◆ What is expected:
Leave the pictures out and quote only the lines from the one with "新人輔導培育是一條漫長的道路" down to the end of the listing below.

*** Block opens ***

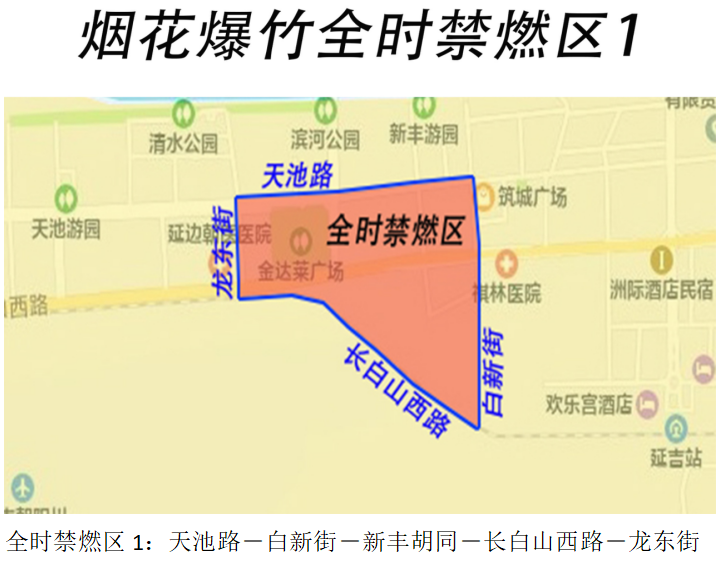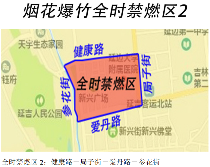 全时禁燃区:1.健康路-局子街-爱丹路-参花街;2.天池路-白新街-新丰胡同-长白山西路-龙东街。
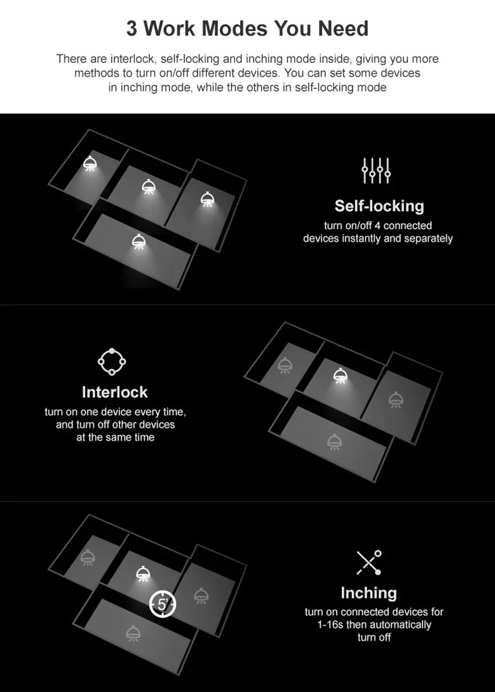 Внутри есть автономный блокирующий и инширующий режим, предоставляющий вам больше способов включения/выключения различных устройств. Вы можете установить некоторые устройства в режиме инчинга, в то время как другие в режиме самоблокировки.
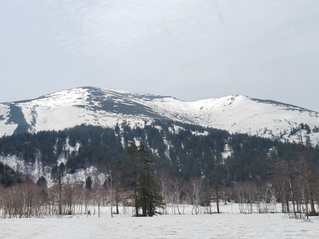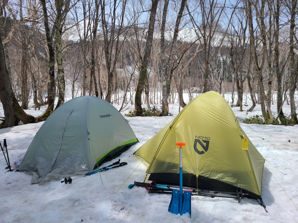 戸倉第1駐車場に着くと8割車が停まっていました。前日19日から期間限定至仏山が解禁され、ほとんどがBCの登山者のようです。支度を済ませタクシーに乗り鳩待峠に向かいました。峠には建設中の鉄骨の建物がありました。多くは至仏山へと行ったようですが、私たちは尾瀬ヶ原へ出発しました。人がいない静かな道です。昨年より登山道の雪は多く感じましたが、全体的には少ないようです。山ノ鼻へ近づく水辺に水芭蕉が咲き始めていました。まだまだ小さく可憐です。山ノ鼻に着きテント設営場所を探し整地をしてテントを張りました。やなぎさんのテントは買って初の山行で設営に苦戦?していました。無事設営し、さてこれからどうしましょうか?皆さん至仏山へ行く気はさらさらなく、昼食をたべてから尾瀬ヶ原へ出かけました。尾瀬ヶ原は昨年より雪が多く木道も埋まっているのでどこでも歩けるのがこの時期の楽しみでもあります。燧ケ岳と至仏山の展望スポットまで行き引き返しました。その後はお楽しみの夕食です。距離を歩かなくて済むためちょっと豪華な食事を持ってきました。みんなでおしゃべりしながら美味しいステーキをいただきました。続々と登山者も到着してテント場には30張りほど賑やでした。18時半には就寝。その時間には周りのテントも静かでした。
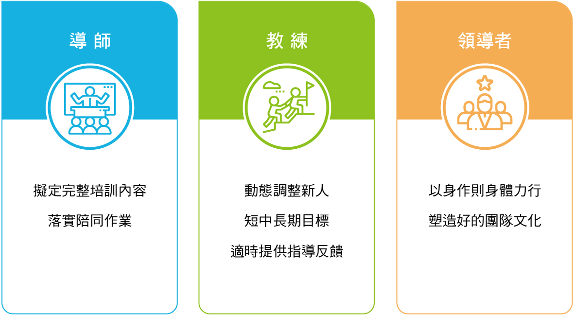 新人輔導培育是一條漫長的道路,要幫助新人成功,業務主管首先要讓自己成為有影響力的領導者,在培育新人時,需同時具備導師/教練/領導者三大核心角色的職能及關鍵任務,並依據合約層級不同,各有該階段要深化的能力與扮演的角色。
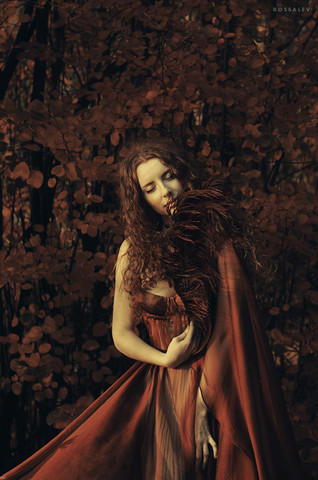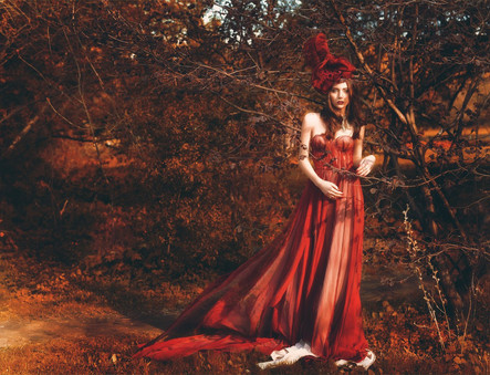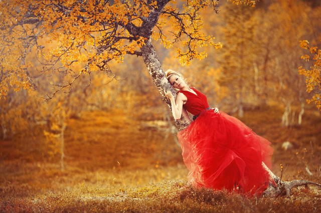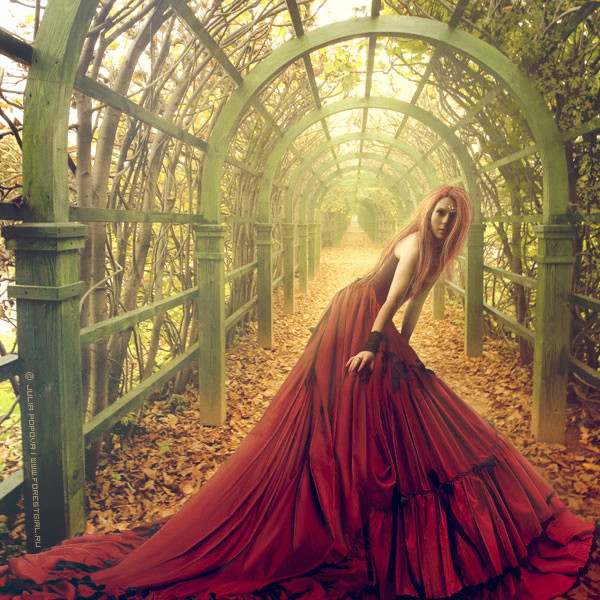 Beautiful! Β I love how there are oranges and red in the background that almost seem like reflected light from her dress!
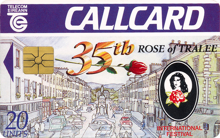 This Callcard celebrates the 35th anniversary of the Rose of Tralee Festival in 1993. The picture depicts Denny Street in the town of Tralee, where the festival takes place each year.

*** Block closes ***

◆ Answer box:
 新人輔導培育是一條漫長的道路,要幫助新人成功,業務主管首先要讓自己成為有影響力的領導者,在培育新人時,需同時具備導師/教練/領導者三大核心角色的職能及關鍵任務,並依據合約層級不同,各有該階段要深化的能力與扮演的角色。
 Beautiful! Β I love how there are oranges and red in the background that almost seem like reflected light from her dress!
 This Callcard celebrates the 35th anniversary of the Rose of Tralee Festival in 1993. The picture depicts Denny Street in the town of Tralee, where the festival takes place each year.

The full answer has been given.